Saat itu Kelili Badak Resa melihat bagaimana pejantan orangutan menggunakan jahe untuk membantu betina melahirkan dan dapat pulih dengan cepat. Kelili Badak Resa pun mengukit caranya untuk membantu istrinya bersalin.
Mitologi Kalimantan berikutnya adalah tentang Rakup Beliang yang diculik orangutan betina. Perkawinan antara keduanya melahirkan anak perempuan.
Kemudian, Rakup Beliang melarikan diri bersama putrinya sampai harus bersembunyi dengan bersembunyi di bawah air sungai karena dikejar para orangutan.
Dalam pengejarannya itu, para orangutan betina menumbuk akar tuba (Derris elliptica) lalu menebarkannya ke perairan. Ekstrak itu menyebabkan ikan-ikan mengapung ke permukaan. Beruntung Rakup Beliang dan putrinya selamat karena kepalanya masih berada di atas air.

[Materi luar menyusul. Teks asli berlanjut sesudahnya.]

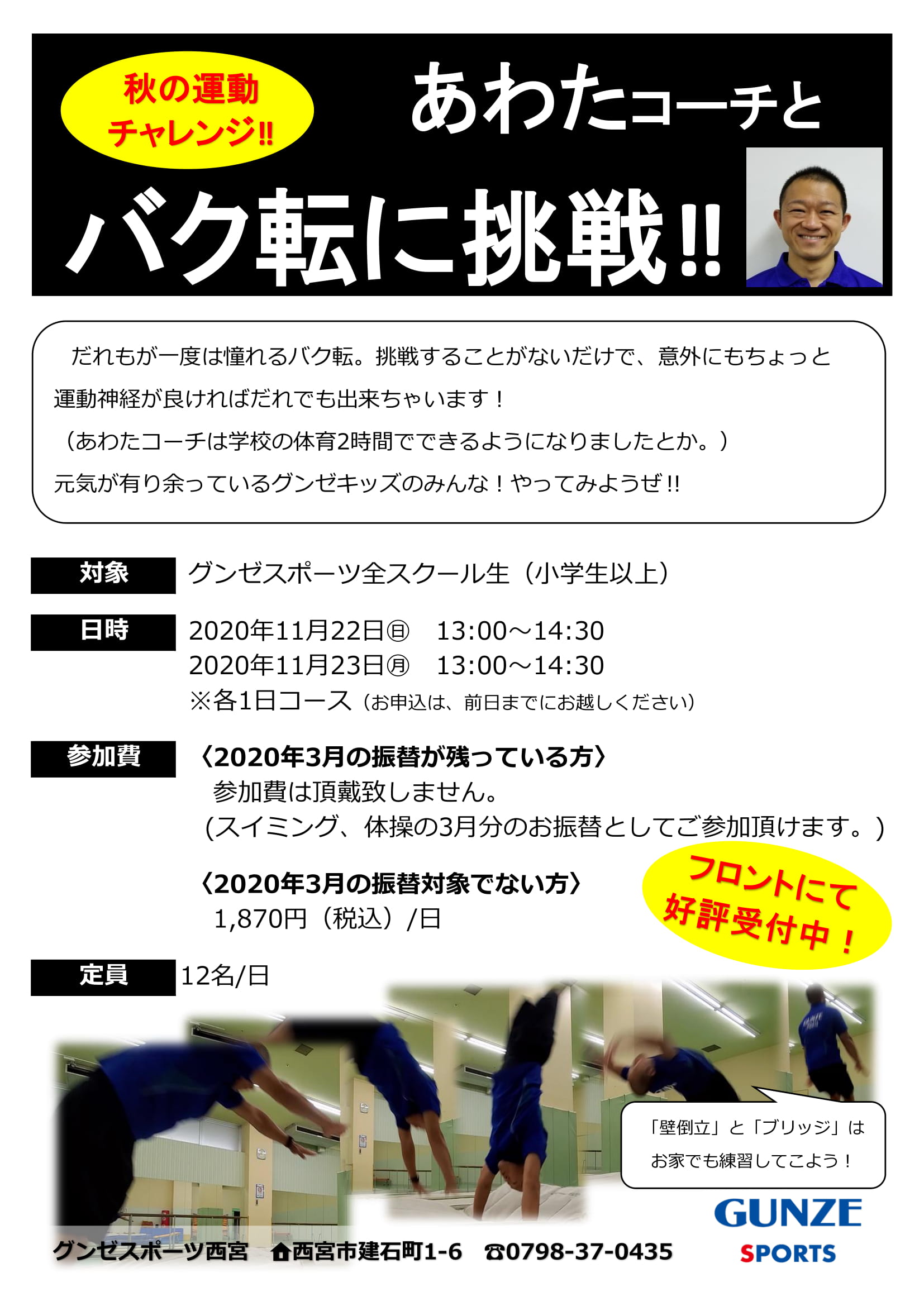 水曜日から受付開始したバク転挑戦企画。

Setelah situasi aman, keduanya langsung berlari ke pemukiman manusia. Rakup Beliang memperkenalkan penggunaan akar tuba ke penduduk sebagai cara menangkap ikan. Secara ilmiah, tuba terbukti beracun dan dapat berfungsi sebagai insektisida alami.

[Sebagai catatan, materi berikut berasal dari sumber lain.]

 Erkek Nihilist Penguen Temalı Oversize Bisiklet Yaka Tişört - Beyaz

Baca Juga: Orangutan Kalimantan Dibunuh Masyarakat Demi Kebun & Perdagangan Satwa
Mitologi dari masyarakat Dayak Ransa
Melansir halaman YIARI (Yayasan Inisiasi Alam Rehabilitasi Indonesia) dari wawancara bersama ketua adat bernama Udat, masyarakat Dayak Ransa meyakini bahwa orangutan berasal dari manusia. Konon, dahulu kala seseorang tersesat ke dalam hutan sehingga banyak masyarakat dari perkampungan mencarinya.

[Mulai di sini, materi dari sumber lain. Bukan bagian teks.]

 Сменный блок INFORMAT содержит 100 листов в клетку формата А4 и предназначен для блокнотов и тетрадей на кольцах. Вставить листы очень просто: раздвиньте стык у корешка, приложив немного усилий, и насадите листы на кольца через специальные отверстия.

Di dalam hutan, orang tersebut lambat laun ditumbuhi bulu di seluruh tubuhnya sampai menutupi kulit. Ketika berjumpa dengan rombongan warga yang mencarinya, dia berpesan agar jangan mencarinya lagi karena takdir membawanya hidup di hutan dan jangan mengganggu hidupnya.
Karena menghormati dan hidup berdampingan dengan orangutan, masyarakat Dayak Ransa membuat peraturan tegas. Orangutan tidak boleh dibunuh dan dikonsumsi. Bagi yang melanggarnya, adat memberikan sanksi berupa 30 Ulun atau setara dengan Rp12 juta.